Treat AI outputs as sensitive data. If an AI generates a document or recommendation that has CUI, that output must be marked and handled per data handling procedures (e.g., stored only on approved drives, not emailed externally without encryption). Implement measures to automatically tag or classify AI-generated files if they likely include input data. Also, if the AI allows file uploads/downloads, ensure that those files are stored securely.

Maintain the integrity of AI models and prompts. Use mechanisms to filter or confirm inputs to the AI to block malicious payloads or obvious CUI leaks (for instance, some AI platforms let you define “forbidden” patterns or use DLP solutions to intercept sensitive content). Monitor the AI’s outputs for anomalies that could show tampering (e.g., sudden output of gibberish might hint at a corrupted model). Regularly update models with security patches or improved versions to fix vulnerabilities.

Update incident response plans to include AI-specific scenarios. For example: how will you respond if an employee accidentally leaks CUI to an external AI? (Plan to notify the proper channels, possibly invoke DFARS reporting if required, and work with the AI provider to purge data. What if the AI produces a very incorrect output that was acted upon? (Consider it as a quality incident or near-miss and analyze the root cause in the model or data.) Prepare playbooks for AI data spillage, model misuse, or model compromise events. Include the AI team in tabletop exercises.

By systematically going through each control family and considering its application to AI, you integrate AI into your overall security control environment. The key is to show that no control gap exists. If anything, AI might require augmenting controls (like DLP for prompts) to address its unique sides.

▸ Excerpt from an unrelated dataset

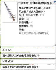 排名三強騎兵之劍 ATK+24 MHP+958 中型1% 無視不死24%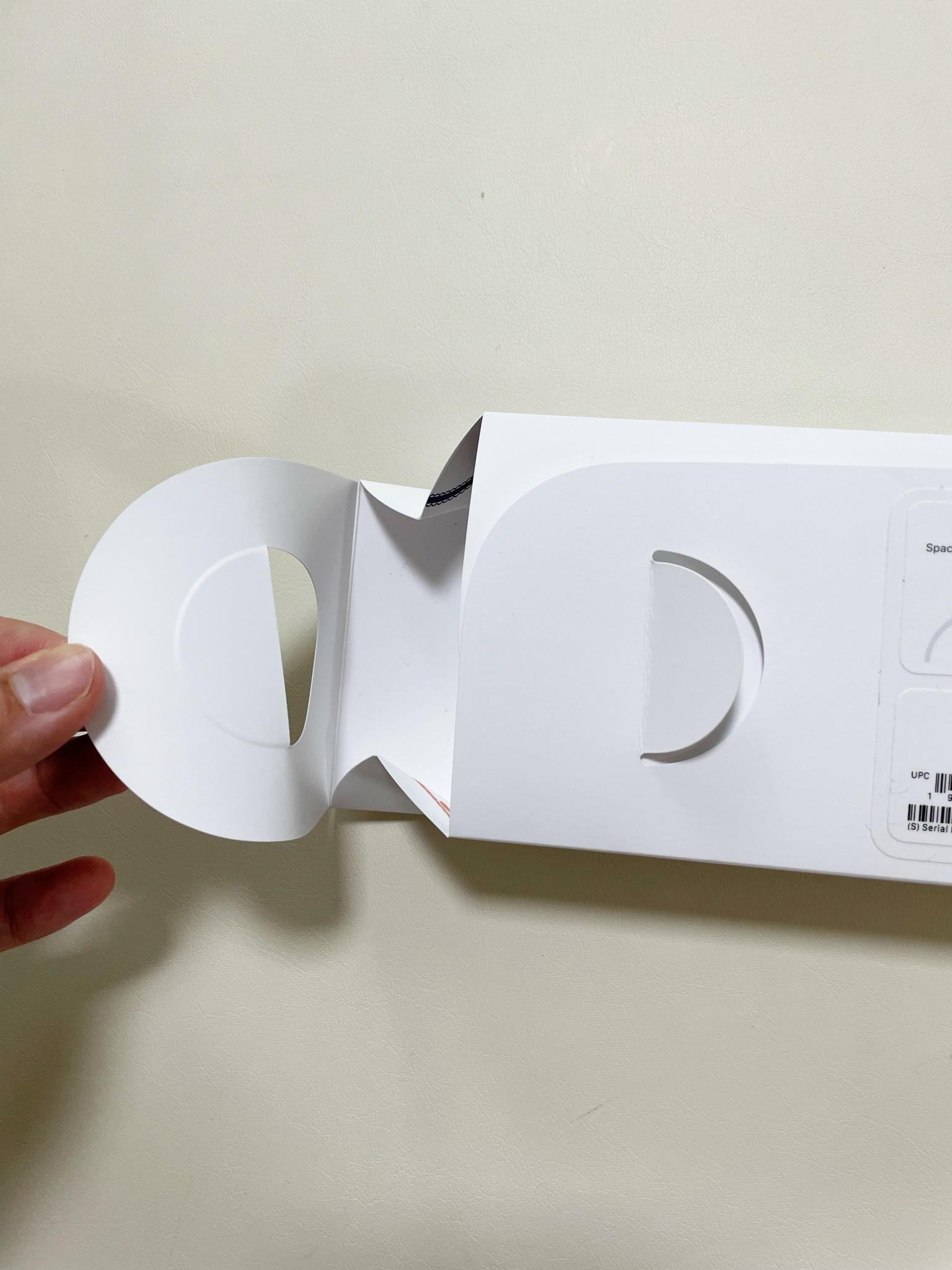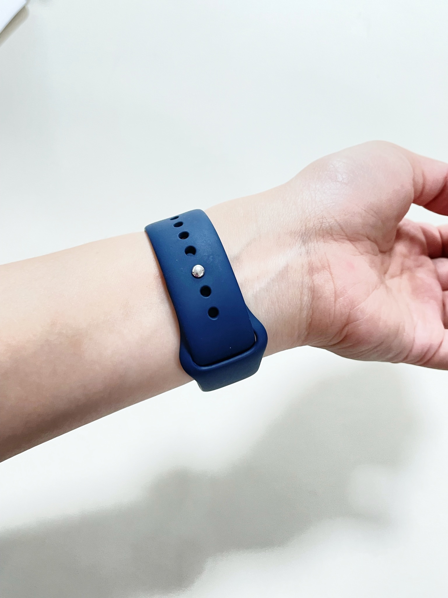 애플워치 밑에는 스트랩박스가 있고요. 저는 네이비 스포츠밴드로 결정했어요. 앞서 말씀드렸다 시피 저는 운동을 꾸준하게 기록하고 관리하기 위해 애플워치를 구입했는데요. 고민없이 바로 스포츠스트랩으로 골랐어요. 밝은 색상이 이뻐보였지만 (화이트) 실 사용하다 보면 아무래도 떼가 탈 수 있다고 해서 다크한 색으로 골랐어요. 화이트 스트랩이 참 예쁜데 아쉽지만 어쩔 수 없지요. 제 피부톤과 잘어울리는 네이비로 골랐습니다.

5. Continuous Monitoring and Enforcement: Once controls and policies are in place, continuously monitor for compliance:

6. Plan for Future Regulations: The regulatory landscape for AI is still taking shape (EU AI Act, etc.), but the spirit of CMMC – protecting sensitive data – will remain constant. By implementing the above practices, you’re not only compliant with today’s rules but building a foundation to meet future AI-specific regulations. Keep an eye on CMMC updates too – while current CMMC guidance doesn’t detail AI, future revisions might incorporate more AI-specific language. Being proactive now is a competitive advantage, as trust is becoming a key differentiator for organizations using AI.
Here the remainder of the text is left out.